前東京都知事で国際政治学者の舛添要一氏が11日、「ABEMA的ニュースショー」(ABEMA TV)に出演。東京五輪・パラリンピックを巡る汚職事件で森喜朗元首相が東京地検特捜部から事情聴取されていたニュースを解説した。
森氏の聴取は大会スポンサーのAOKIホールディングス、KADOKAWAから賄賂を受領した疑いがある組織委元理事高橋治之容疑者の受託収賄事件の立証に必要と判断したとみられる。
舛添氏はこの動きに「総理をおやりになった方までを呼んで話を聴くっていうのは、ちょっと異例ですね」とコメント。
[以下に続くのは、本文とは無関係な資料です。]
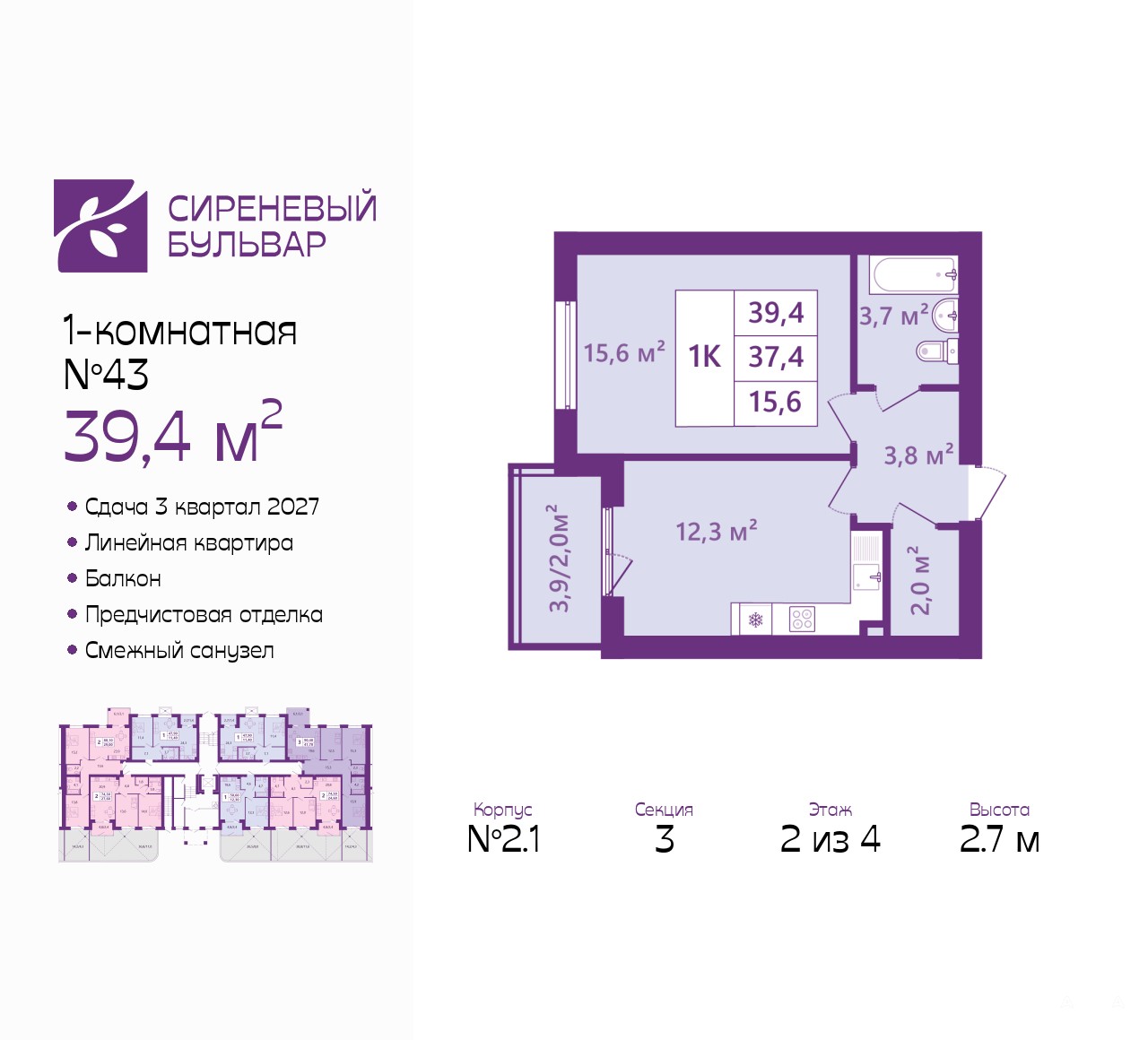 1-комн. квартира с предчистовой отделкой в ЖК "Сиреневый бульвар" на 2 этаже. Общая площадь: 39.4 кв.м., жилая: 15.6 кв.м., площадь просторной кухни-столовой: 12.3 кв.м. Все окна выходят на одну сторону. В квартире один балкон, один совмещенный санузел. Высота потолков 2.7 м.

続けて「間違っているかもしれないが」と前置きし「背景として、安倍(晋三)元総理が銃撃事件でお亡くなりになった。それからいろんな問題が噴出してきましたね。一番は統一教会の問題。それからこの五輪の汚職の問題も。安倍さんの時代にやった東京五輪なんですよ。だから検察は公平にやるんだけども、やっぱり政治的配慮というのは若干働かすので、仮に今安倍さんがお元気であれば、ここまで踏み込めなかったんじゃないかな?っていうのが私の感想」と述べた。
さらに自民党の確認調査で、世界平和統一家庭連合(旧統一教会)側と接点を持っていた所属国会議員は安倍派が一番多かったことを指摘。
その上で「森さんは安倍派のもともともとのトップの方であるし、安倍さん亡きあと、誰が後継ぐのか?といってもいない。森さんが安倍派をなんとかまとめてる。安倍派が分裂する可能性もあるわけですよ。そういう微妙なとき。森さんまったく無実で何の関係もなかったかもわかりませんけど、政治の世界では特捜に呼ばれて事情聴取受けたっていうだけで、もう力は落ちますね」と分析した。
続けて「そうすると安倍派の力は落ちる。じゃあそれを岸田(文雄首相)さんはどう見てるのか? 一番大きな派閥が割れた方が自分はやりやすいんで。そういういろんな政治のドロドロした部分が裏にあるのかなという気もしてます」と読み解いた。